Monday, May 5, 2014

Citadel by Kate Mosse #review

Title: Citadel (Languedoc #3)
Author: Kate Mosse
Publisher: William Morrow, 2014

Although Citadel is a work of fiction that offers a whiff of the supernatural element blended in, author Kate Mosse nonetheless writes in her author’s note that the novel was inspired by real events.

She relates that a plaque in the French village of Rouellen, near Carcassonne, commemorates 19 prisoners who were put to death by the Nazis shortly before the end of World War II. Two of these people remain unidentified, and are honoured as “two unknown women”. This proved to be a perfect story seed for Mosse.

She is known for her other books, Labyrinth, Sepulchre and The Winter Ghosts, but Citadel is the first of hers that I’ve read and my interest is suitably piqued to pick up the rest at some point.

In Citadel, we mostly follow in the shoes of Sandrine Vidal, who begins her active participation in the French Resistance in 1942 when she stumbles across a young, unconscious man by the river. Though Sandrine is young, she has a lot of spirit, and a keen sense of justice.

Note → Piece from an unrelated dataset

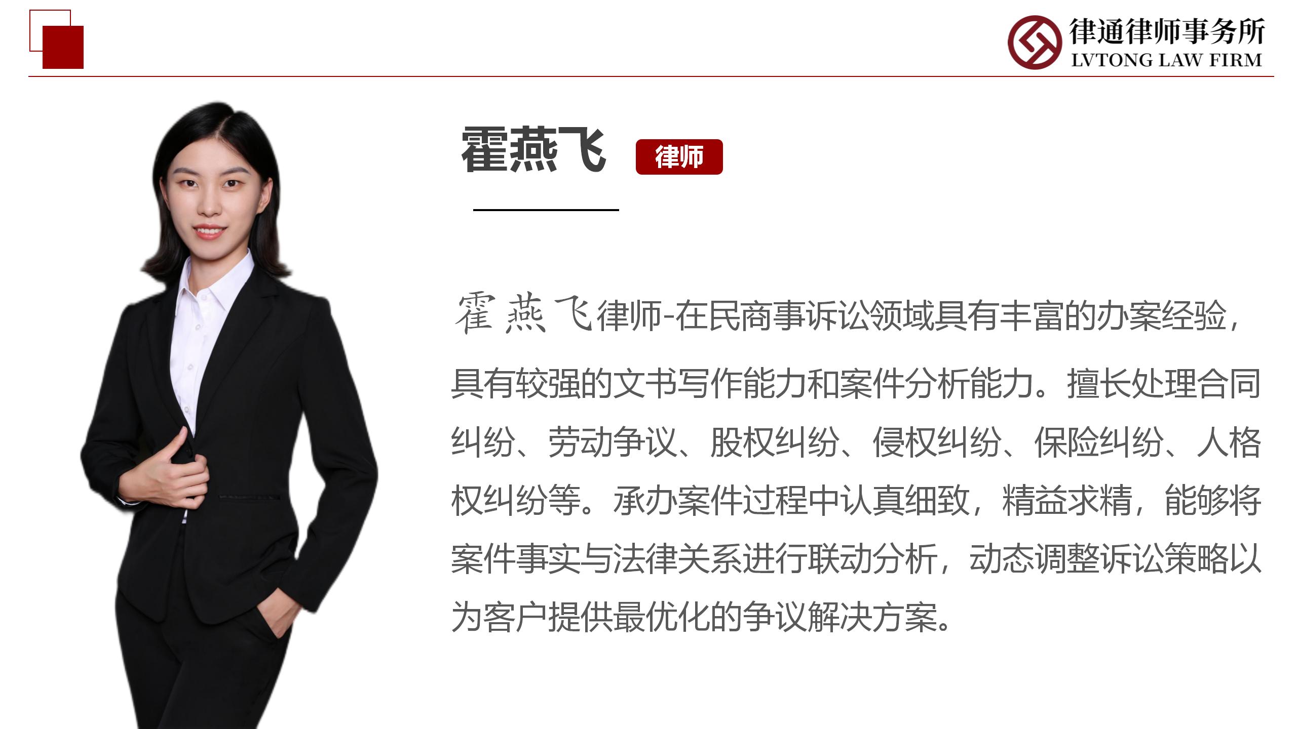 霍燕飞律师,在民商事诉讼领域具有丰富的办案经验,具有较强的文书写作能力和案件分析能力。擅长处理合同纠纷、劳动争议、股权纠纷、侵权纠纷、保险纠纷、人格权纠纷等。承办案件过程中认真细致,精益求精,能够将案件事实与法律关系进行联动分析,动态调整诉讼策略以为客户提供最优化的争议解决方案。

Through her sister’s involvement with the Red Cross, she gets a taste for her work, and eventually runs an underground network that is code-named “Citadel”. With the aid of the love interest, Raoul Pelletier, and the mysterious Audric Baillard, she finds herself in a dangerous dance with Captain AuthiĆ© who, apart from collaborating with the Nazis, is also on a shadowy quest to retrieve a document known only as the Codex.

If the Codex is found and its words spoken, an army of the dead will supposedly rise to bring victory, and so far as I can see, it’s been the enigmatic and unusually resilient Baillard’s mission to stop the Codex from falling into the wrong hands.

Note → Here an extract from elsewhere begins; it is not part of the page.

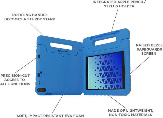 | Features | iPads put a world of learning at young one's fingertips - but only when they're safe, sound and functional. Keep kids learning by protecting yours with our versatile Shieldy-K case for the iPad Mini 6. The lightweight, impact-resistant EVA foam protects against damage from accidental drops and bumps while the raised bezel edges help safeguard the screen. Custom-designed for a perfect-fit, all openings are laser-cut and provide easy access to all controls and ports. The built-in handle rotates to become a stand for easy viewing in two different positions. The integrated holder keeps Apple Pencil or other stylus close at hand. Passes MIL-STD-810G 4-foot drop test and is made from non-toxic, kid-friendly materials. |
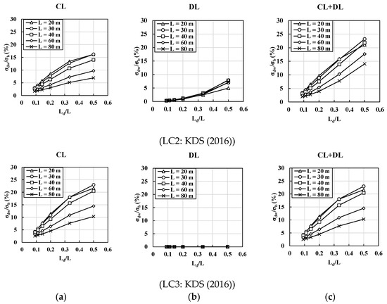 Normal stress ratio based on the intermediate diaphragm spacing (Ld) and span length (L). (a) LC1, (b) LC2, and (c) LC3.

Raoul and Sandrine’s romance is touching and somewhat tragic given their circumstances, but it’s clear that they inspire each other during the darkest times when it seems that France is doomed to remain under the Nazi yoke. Mosse also sketches in believable secondary characters; it’s easy to care about Lucie, Max and his sister Liesl, Marianne, Marieta and Suzanne – who all seem like people who feel real – who keep me turning the pages.

So often war stories deal with heroes at the front line, when we forget about the many thousands behind the lines who might not have been great movers and shakers in the bigger scheme of things.

I feel that Citadel is a suitable tribute to these souls, and even if I struggled at first to get into the story, I was soon swept away by Mosse’s vivid evocation of Languedoc during the tail end of World War II. This is a worthy read about courage in the face of great adversity.